Jakarta, Findonews.com – Terdakwa kasus e-KTP Setya Novanto membaca puisi sambil menangis menutup sidang pembacaan nota pembelaan atau pleidoi di Pengadilan Tipikor Jakarta, Jumat (14/3).
Setnov membacakan puisi yang berjudul Di Kolong Meja. Suaranya bergetar dan terdengar lirih menahan emosi.
Puisi itu dibaca Setnov usai menangis meminta maaf kepada istri dan keluarganya karena merasa telah meyusahkan akibat terjerat kasus e-KTP.
Deistri mengatakan puisi tersebut baru dibuat khusus untuk Setnov. Linda Djalil sendiri dikenal sebagai jurnalistik sekaligus penulis.
“Untuk menguatkan Bapak (Setnov) katanya,” ujar Deistri.
Di Kolong Meja
‘di kolong meja ada debu
yang belum tersapu
karena pembantu sering pura pura tak tahu
di kolong meja ada biangnya debu
yang memang sengaja tak disapu
bersembunyi berlama lama
karena takut dakwaan seru
melintas membebani bahu
di kolong meja tersimpan cerita
seorang anak manusia menggapai hidup
gigih dari hari ke hari
meraih ilmu dalam keterbatasan
untuk cita-cita kelak yang bukan semu
tanpa lelah dan malu
bersama debu menghirup udara kelabu
di kolong meja muncul cerita sukses anak manusia
yang semula bersahaja
akhirnya bisa diikuti siapa saja
karena cerdas caranya bekerja
di kolong meja ada lantai yg mulus tanpa cela
ada pula yang terjal bergelombang
siap menganga
menghadang segala cita-cita
apabila ada kesalahan membahana
kolong meja siap membelah
menerkam tanpa bertanya
bahwa sesungguhnya ada berbagai sosok yang sepatutnya jadi sasaran
di kolong meja
ada pecundang
yg bersembunyi
sembari cuci tangan
cuci kaki
cuci muka
cuci warisan kesalahan
apakah mereka akan senantiasa di sana..
dengan mental banci berlumur keringat ketakutan
dan sesekali terbahak melihat teman sebagai korban menjadi tontonan?’
LD, Jakarta 5 April 2018
Jaksa juga menuntut agar hakim menjatuhkan pidana tambahan kepada Setnov untuk membayar US$7,4 juta dikurangi uang yang telah dikembalikan sebesar Rp5 miliar subsider 3 tahun. Selain itu, Jaksa juga menuntut agar hakim menjatuhkan pidana tambahanpencabutan hak Setnov dalam menduduki jabatan publik selama 5 tahun.

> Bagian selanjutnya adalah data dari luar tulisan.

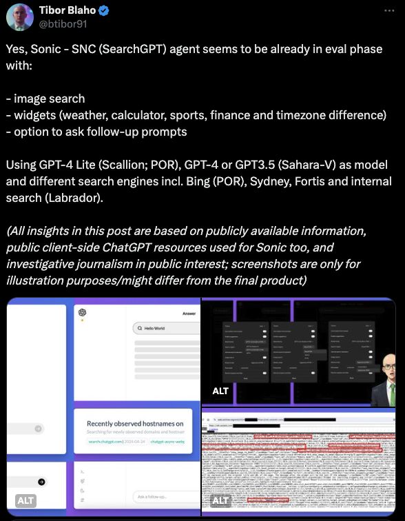 OpenAI 要做 AI 搜索挑战谷歌这件事已经传了很久,传说中的 SearchGPT 似乎真的要来了。据软件开发者 Tibor Blaho 爆料,OpenAI 的 AI 搜索产品 Sonic - SNC(SearchGPT)已进入评估阶段,新增多项功能: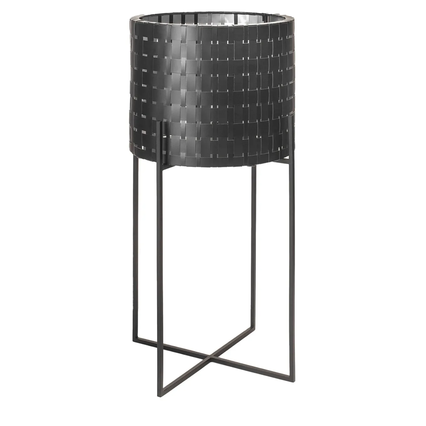 Part of the Vitis Nexum series named after the Latin word for vine, this cachepot is distinguished by a singular hand-woven body in recycled metal. The iconic yet simple design boasts a total black (Abatellis) color and it is supported with an external structure in textured black iron. Customizable in size and color, it is a one-off design of unprecedented style. Please consult the Artemest catalog for customizations.

Setya Novanto didakwa melanggar Pasal 2 ayat (1) atau Pasal 3 Undang-Undang Nomor 31 tahun 1999 sebagaimana diubah dengan Undang-Undang Nomor 20 tahun 2001 tentang Pemberantasan Tindak Pidana Korupsi (UU Tipikor) juncto Pasal 55 ayat (1) ke-1 KUHP.
Setnov dalam pleidoinya merasa diperlakukan tidak adil atas tuntutan 16 tahun penjara. Dia pun membantah sejumlah dakwaan dan mengaku tak terlibat dengan urusan pembagian fee proyek e-KTP untuk anggota DPR.